Мальчик не отвечал, и снова пристально посмотрел на Лопырева, куда-то в область груди. Там не было ничего, что могло его заинтересовать. Скорее всего, он не видел сейчас ничего вокруг, находясь мыслями внутри себя.

– Ты должен мне все рассказать. Мы не враги для тебя, и мы хотим тебе помочь. А для этого мы зададим тебе вопросы, и тебе надо на них ответить. Здесь у нас все очень строго, так что будь молодцом.

– Кто это – мы? – Мальчик задал свой первый вопрос.– Мы же тут одни.

Лопырев немного растерялся. Странный вопрос. Понятно же, кто такие мы, зачем об этом спрашивать.

– Мы – это сотрудники этого учреждения, люди, которые нашли тебя, я, мои коллеги и мой начальник, к которому я отведу тебя после беседы. Мы не желаем тебе зла.
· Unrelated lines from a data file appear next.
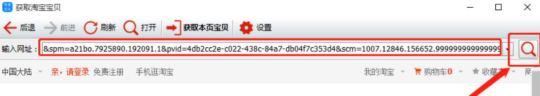3.将要下载的淘宝宝贝链接复制进来之后,我们点击输出网址栏最后面的这个搜索图标,点击搜索图标之后软件就会开始识别这个网址中的内容。
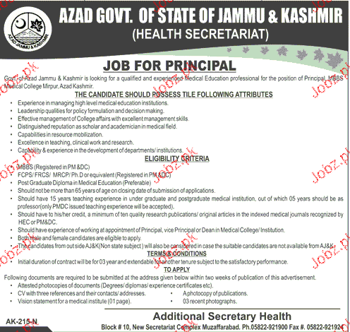 AZad Jammu & Kashmir Health Secretariat Jobs
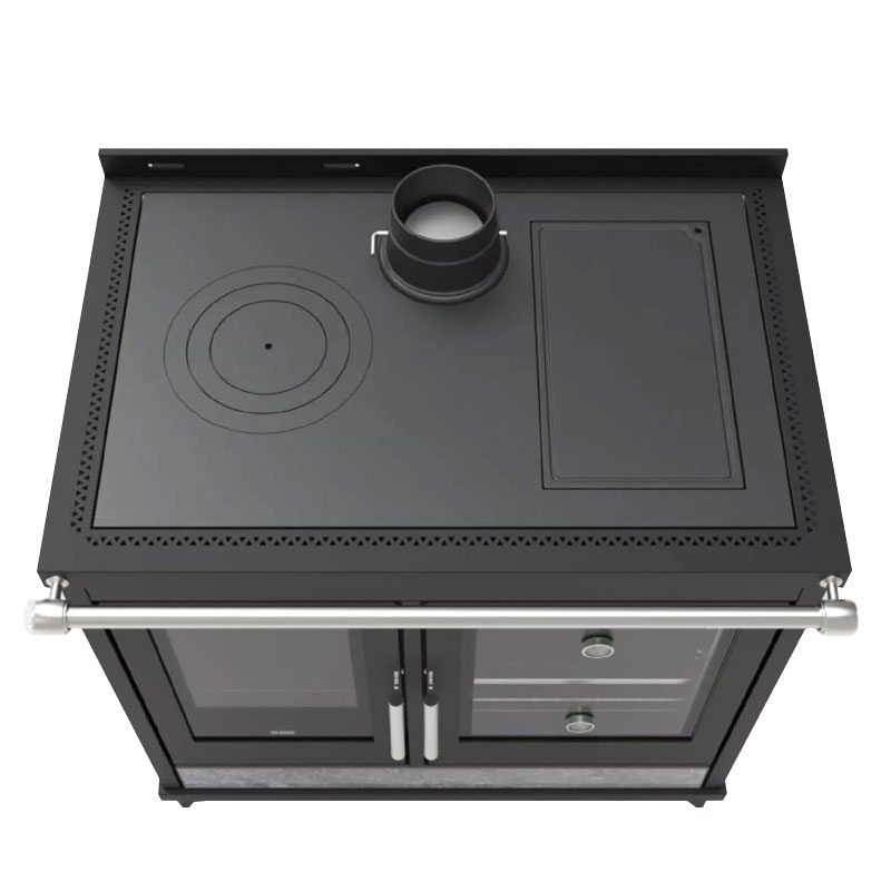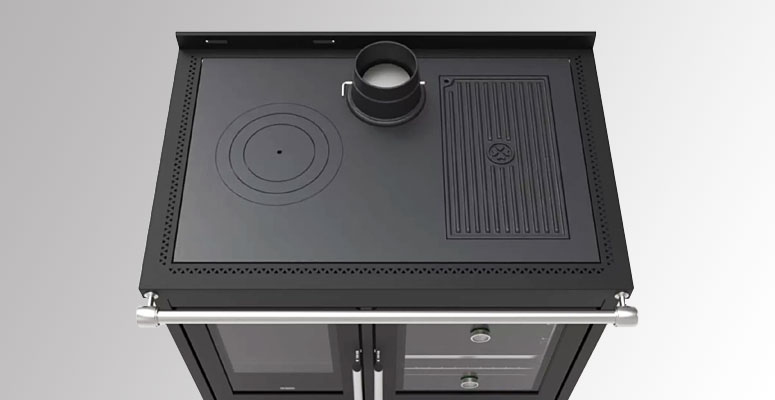 Il piano superiore integra una robusta piastra in ghisa smaltata alimentare, perfetta per grigliare la carne oppure altri cibi direttamente sulla cucina , sfruttando il calore prodotto dalla combustione a legna.
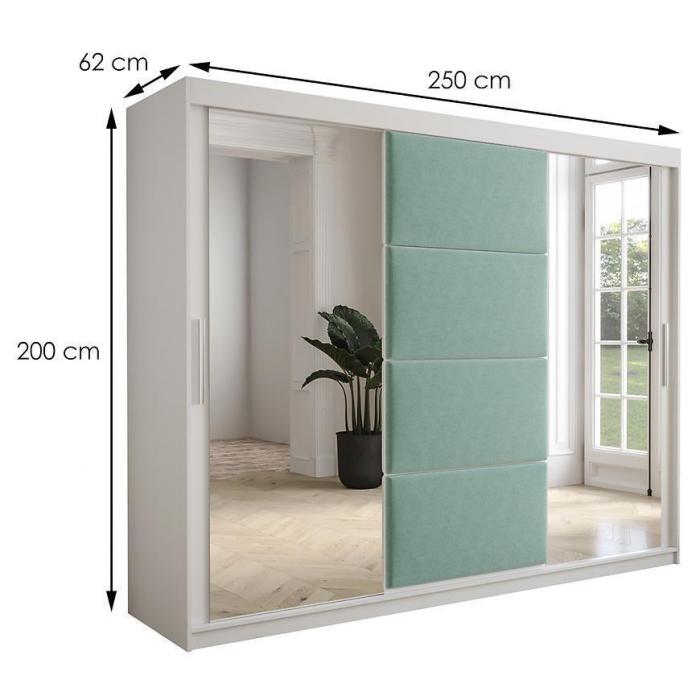 Szafa z drzwiami przesuwnymi Tapi to doskonały wybór do garderoby, przedpokoju, salonu czy sypialni. Kolor frontów i korpusu sprawiają, że wpasuje się w większość aranżacji. Jej wnętrze jest pojemne i pomieści zarówno ubrania jak i inne akcesoria. Szafa jest 3-drzwiowa.
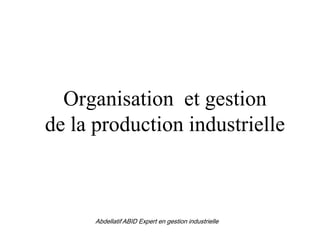Le document aborde les éléments fondamentaux de l'organisation et de la gestion de la production industrielle, en mettant l'accent sur les critères clés tels que le profit, le retour sur investissement et la gestion des ressources. Il traite également des différents systèmes de production, des flux de matériaux et d'informations, ainsi que des méthodes de planification et de maîtrise des stocks pour optimiser la production. Enfin, la gestion du temps et l'évaluation des capacités de production sont discutées comme des facteurs cruciaux pour minimiser le gaspillage et améliorer l'efficacité opérationnelle.
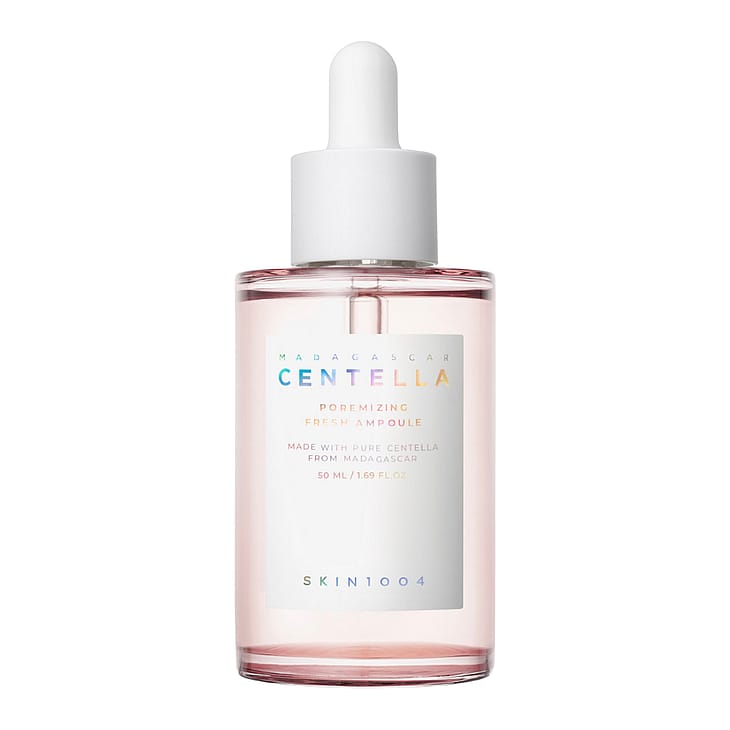 En por-minimerande funktionell ampull med pink mineralsalt och 9 peptider som rengör porerna och förbättrar hudens elasticitet.
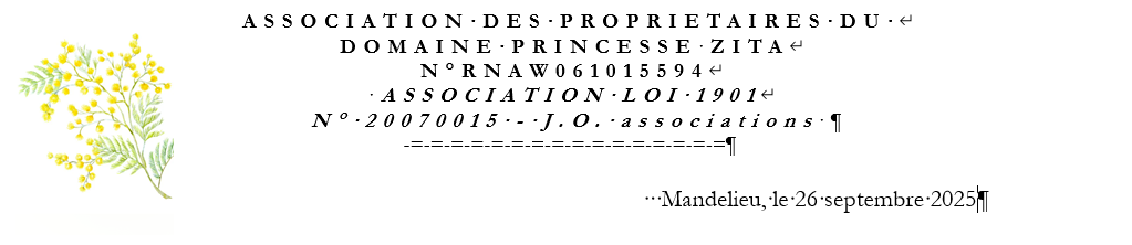 Bien chers membres, propriétaires d’un bien dans le Domaine Princesse Zita, et anciens colotis du Lotissement Princesse Zita (dissous en 2007), comme chaque année, nous vous convions à
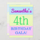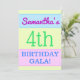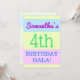 Este colorido diseño de invitación para fiestas de cumpleaños incluye un mensaje como "¡GALA DE CUMPLEAÑOS de Samantha!", donde el nombre y el número de cumpleaños pueden ser personalizados. También cuenta con un fondo colorido, divertido y geométrico. Los detalles del evento en la parte posterior se pueden personalizar. Se podría usar para invitar a la gente a la celebración de cuarto cumpleaños o fiesta de cumpleaños de alguien. [~Z0000311]
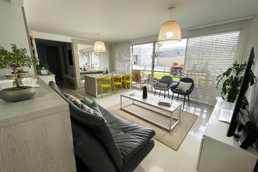 Segundo piso: tres habitaciones, cada una con baño privado; la habitación principal incluye vestier y baño completo. Dos de las habitaciones cuentan con aire acondicionado. Además, dispone de balcón y un cómodo estar de TV.
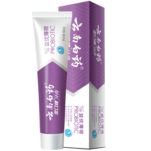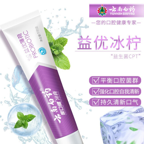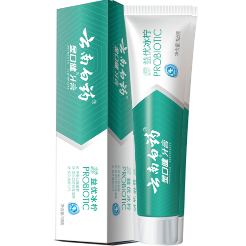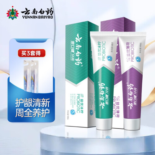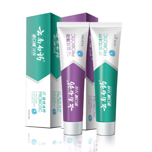 YUNNANBAIYAO 云南白药益生菌健康牙膏套装,内含激爽薄荷105g+薄荷清爽型105g,这款云南白药牙膏含有特有的药物活性成分,能促进牙龈血液循环,长期使用可以防止牙龈出血,预防牙周炎、牙龈萎缩等口腔疾病。
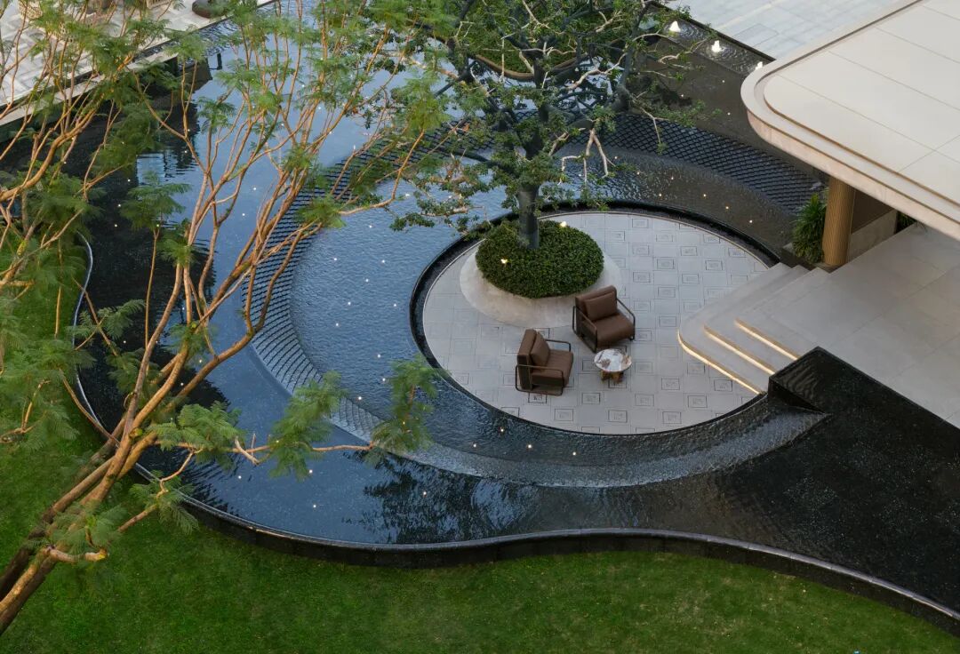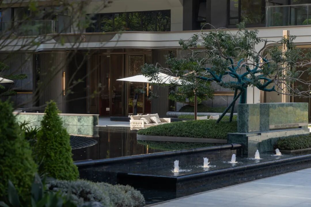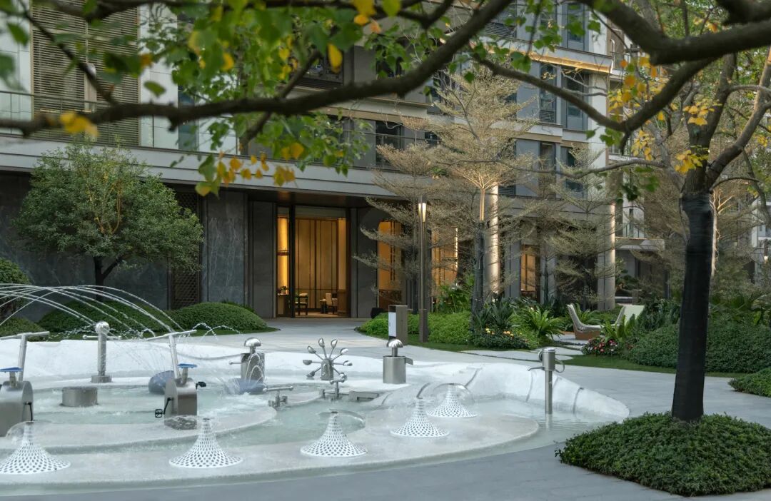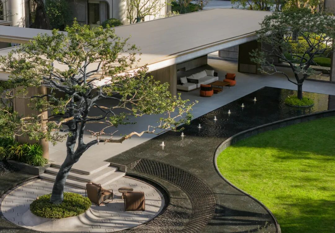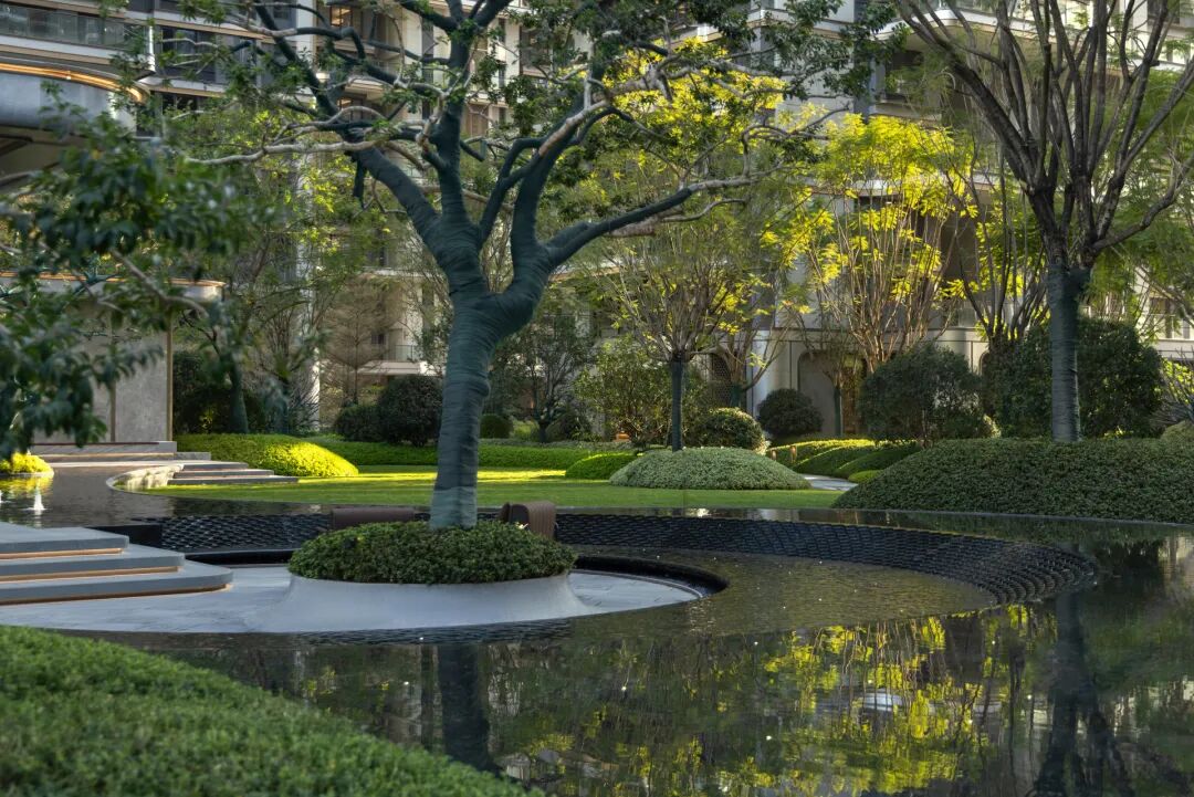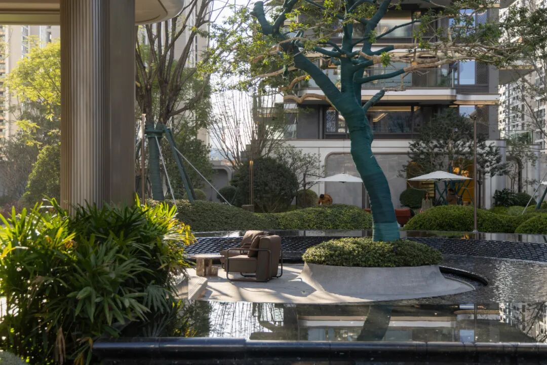 奢享玲珑水院华庭,在下沉庭院中感受空间的无限延伸,天然奢石打造的精奢品质景墙,体验臻品工艺的高定生活,通过镜面跌水的链接引入实现空间层次的碰撞,同时更加生动的展示出水空间动静结合的与其丰富性,特选的水院乌桕更是在水面的掩映下光华流转倾听着自然的奥妙。林影葱葱洒落于水雾氤氲的空间里,起承转合光影流转间的艺术表达。

– Вы не можете говорить за всех. Только за себя. И все равно я вам не поверю. Те люди, что нашли меня в кустах дербенника, не были слишком уж добрыми ко мне.

– Они обижали тебя?

– Нет. Но если бы я бросился от них убегать, мне досталось бы по ушам. Они мне так прямо и сказали.

– Это все требуется ради дисциплины. Там опасно, и ты мог погибнуть. Так как ты добрался до … сюда?

Мальчик смотрел в одну точку куда-то в сторону. Казалось, перед ним сейчас всплывают все трудности, которые ему пришлось преодолеть по дороге сюда.

– Тебе кто-то помогал? – Лопырев продолжил свой допрос. Видно было, что воля у паренька несгибаемая.

– Нет, мне никто не помогал. Я сам добрался.

– Зачем?

Мальчик встретился глазами с глазами Лопырева. У него на лице отразилось удивление.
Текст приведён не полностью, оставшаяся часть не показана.